- Awarded for: Indonesian television
- Sponsored by: Panasonic
- Country: Indonesia
- Presented by: PT Panasonic Gobel Indonesia
- Formerly called: Panasonic Awards (1997-2009)
- First award: 1997
- Final award: 2019
- Website: www.panasonicgobelawards.com

Television/radio coverage
- Network: Indosiar (1997–1999; 2019) RCTI (2000–2018) MNCTV (2003–2018) GTV (2003–2018) UseeTV (2017) iNews (2017–2018) MNC Channels (2013–2018) TVRI (2018)

= Panasonic Gobel Awards =

The Panasonic Gobel Awards (formerly Panasonic Awards) were annual awards presented to television programs and performances in Indonesia based on a people's choice poll. The first awards ceremony was held in 1997 in partnership with Tabloid Citra and aired on Indosiar. Media Nusantara Citra began conducting the awards in 2000, with broadcasting rights held by RCTI. In 2003, TPI and Global TV also began televising the awards.

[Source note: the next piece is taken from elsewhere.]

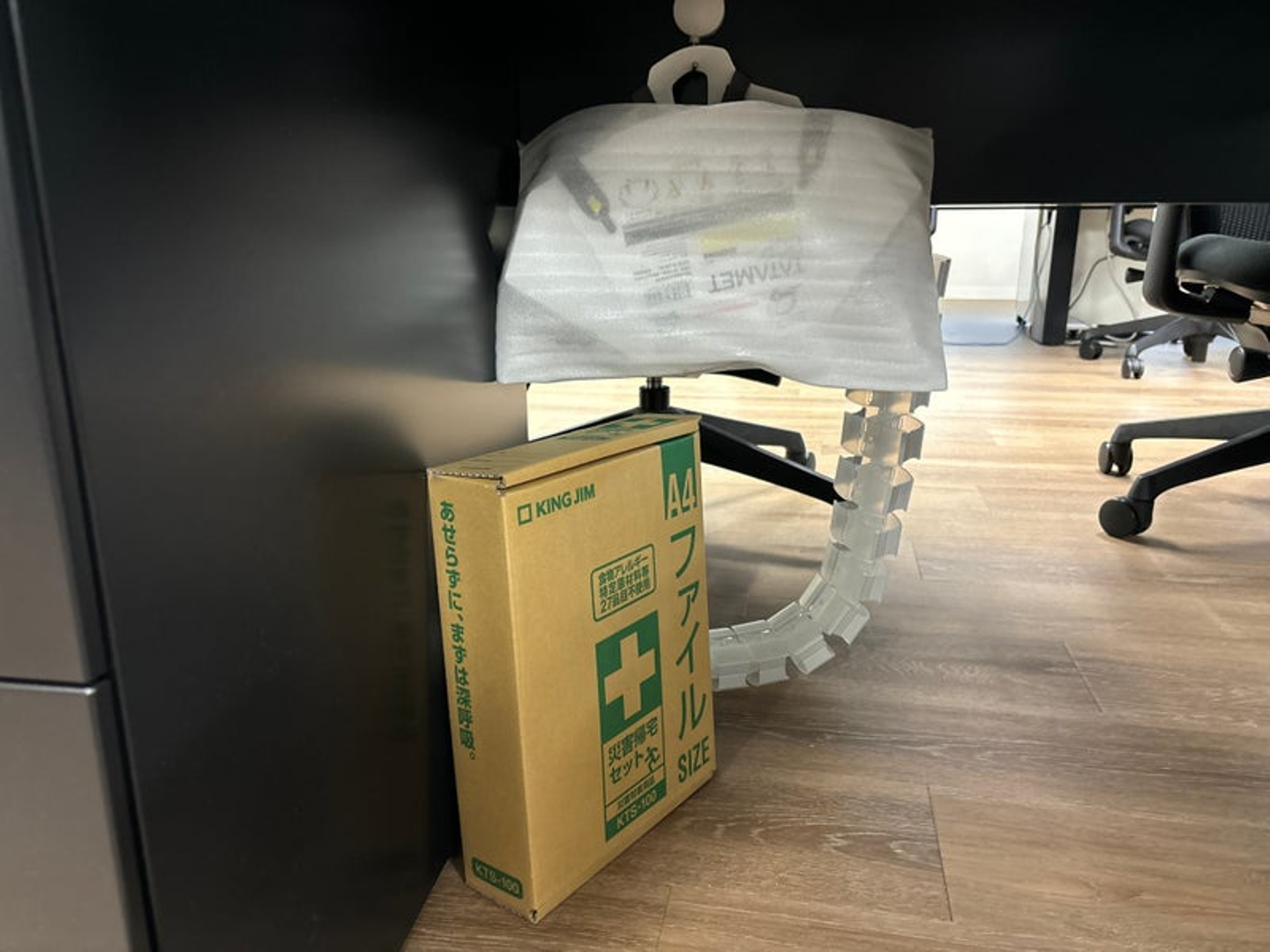 災害時帰宅セット(アルミ毛布、笛、飲料水など)とヘルメットを、個々人のオフィスのデスクの足元に備え付けています。

In 2004, Tabloid Citra stopped polling, and instead, survey data from Nielsen Media Research was used, with results tabulated and audited by Ernst & Young.

In 2013, MNC Channels began broadcasting the Panasonic Gobel Awards. In 2017, UseeTV and iNews also started broadcasting the awards.

The event was handed over to other broadcasters afterward. In 2018, TVRI took over the Panasonic Gobel Awards. Following the establishment of the Indonesian Television Awards in 2016, MNC decided to end its contract with the Panasonic Gobel Awards after 2018. In 2019, Indosiar resumed hosting the awards, which was the last edition held.

The awards were discontinued after 2019.

==History==
The Panasonic Awards were first held in 1997 in cooperation with PT. Panasonic Gobel Indonesia and Citra Tabloid (a publication of the Kompas Gramedia Group, which is no longer in circulation). The method for determining the winners was through a "Poll Image" distributed in mass media, which was then filled out in writing and returned by the public through the mail. According to Maman Suherman, one of the initiators of this event, the Panasonic Awards were intended to reflect the public's preferences for television shows and performers. This event is similar to the People's Choice Awards held in other countries.

==Purpose==
The purpose of the Panasonic Gobel Awards is to provide viewers with the opportunity to choose the television shows or individuals they consider to be the best. Each person can freely and independently participate through a neutral and transparent polling method. The process is validated by an independent and credible tabulator, ensuring the integrity of the results.